| WHAT TO DO |
An exact copy is required of the lines running from the one that contains "Three beautiful white" to the end of the material, both ends included, with pictures omitted.

=== INFORMATION SHOWN ===

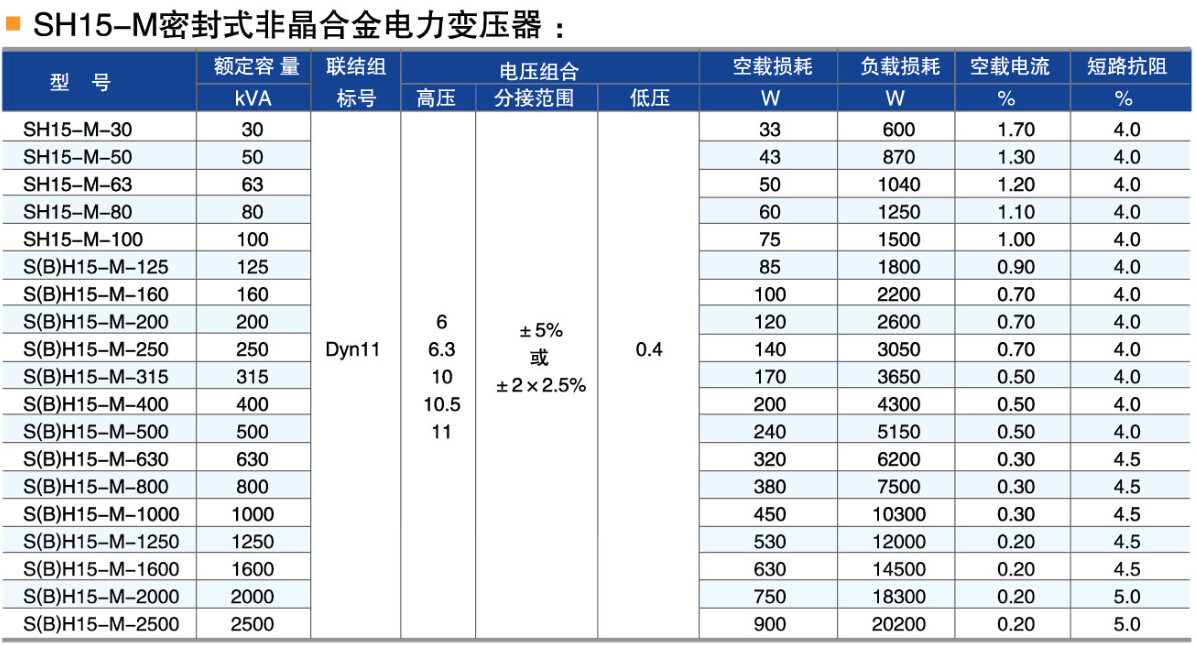 SH15-M-30~2500/6~10系產品,空載損耗在GB/T6541標準值基礎上下降百分之70。執行標準GB/T25446-2010《油浸式非晶合金鐵心配電變壓器技術參數》。
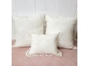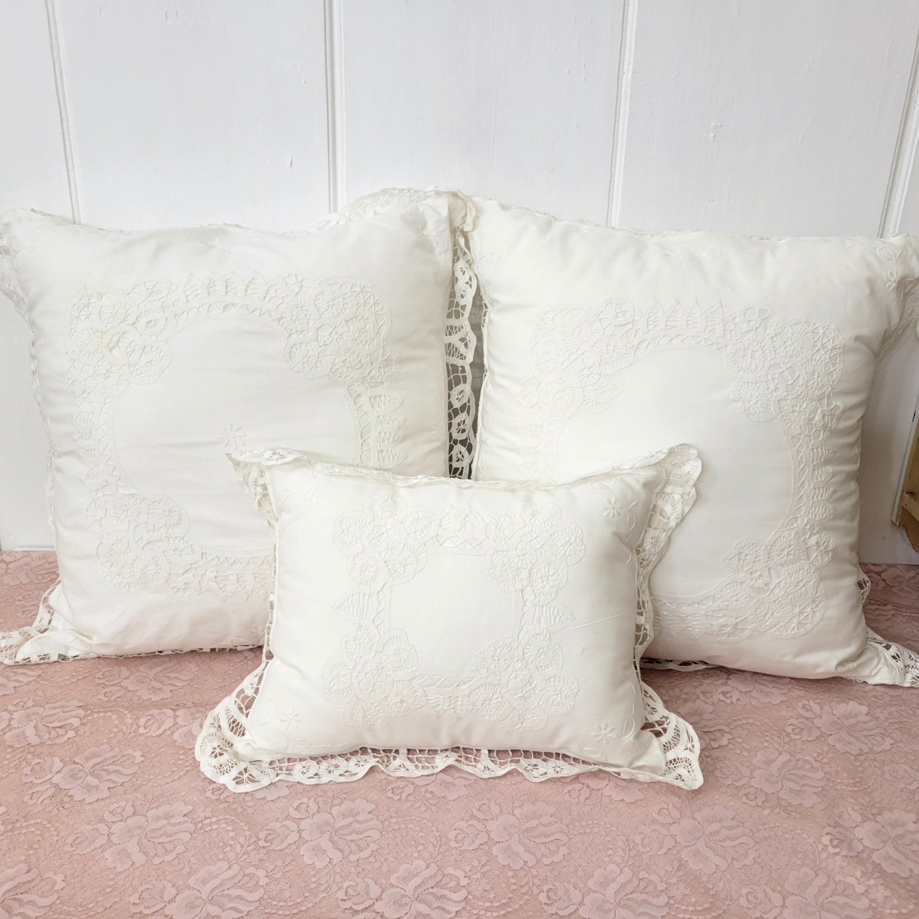 Three beautiful white cotton lace pillow covers including stuffers. Two pillows measure 20" x 20" and one is 12" x 16".
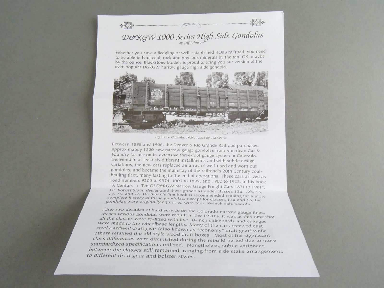 HOn3 Scale Model - Blackstone PN B340410W D&RGW #1077 - Weathered - High Side Gondola

===

| WORKED SOLUTION |
 Three beautiful white cotton lace pillow covers including stuffers. Two pillows measure 20" x 20" and one is 12" x 16".
 HOn3 Scale Model - Blackstone PN B340410W D&RGW #1077 - Weathered - High Side Gondola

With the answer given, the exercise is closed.